Integrator responsibilities

  • Wallet & RPC: Provide an Ethers signer and a stable RPC for the target network.
  • KYC/allowlist: Some vaults are allowlisted. Check allowlist state before enabling supply.
  • UX states: Show status for approvals, supply, requests, cancellations, and completions.
  • Decimals & slippage: Use SDK helpers; avoid hand-rolled rate/scale math.
  • Compliance language: Position as technology-powered DeFi automation and non-custodial liquidity routing.

Security posture

  • Fully on-chain share accounting; keys remain with users.
  • Independent audits linked on the Code Audits page.
  • Share-lock periods (if any) are documented per vault.
  • Partners should perform their own smart-contract and operational due diligence.

Versioning

  • Contracts: versioned per deployment (see Contract Addresses).
  • SDK: semver (boring-vault-ui). See SDK Examples for imports and usage.

FAQ for Integrators

Q: Do I need to deploy any contracts?

A: No. Coinchange deploys and manages all vault contracts. You only interact with them from your frontend.

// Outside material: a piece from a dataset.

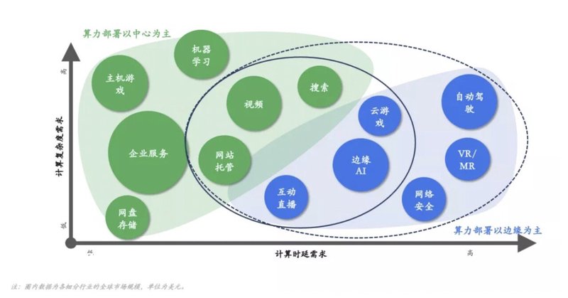 这些业务对延迟非常敏感。y轴是对计算能力的需求,这些业务对计算的需求非常大。
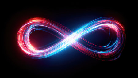 This captivating infinity symbol features vibrant, flowing light trails against a dark background, perfect for conveying concepts of eternity, creativity, and limitless potential.

Q: What networks are supported?

A: Ethereum Mainnet, Arbitrum, Optimism, Base, and Avalanche. Check Contract Addresses for specific deployments.

Q: Can users withdraw instantly?

A: Most vaults use delayed withdrawals (one to five business days). Some may support instant withdrawals. Check your specific vault configuration.

Q: What wallet libraries should I use?

A: We recommend wagmi or viem for React apps. Any library that supports standard Web3 interactions works.

Q: How do I handle native ETH deposits?

A: Most vaults require WETH (wrapped ETH). You can auto-wrap ETH to WETH in your UI, or use the Teller's native ETH support if available.

Q: What about gas fees?

A: Users pay their own gas fees. Make sure they have enough ETH for gas in addition to their deposit amount.

Q: How do I calculate APY to display?

A: Coinchange typically provides APY data via API or you can calculate based on historical share price changes. Contact your partnership manager for APY data source.

Q: Can vault strategies lose money?

A: Yes. Share price can decrease if strategies lose value. Always show risk disclosures and never guarantee returns.

Q: What if a transaction fails?

A: Common reasons: insufficient gas, slippage too low, user not whitelisted, shares locked. Check error messages and provide user guidance.

Q: Do I need to integrate all contracts?

A: At minimum: BoringVault (shares), Teller (deposit), Accountant (rate).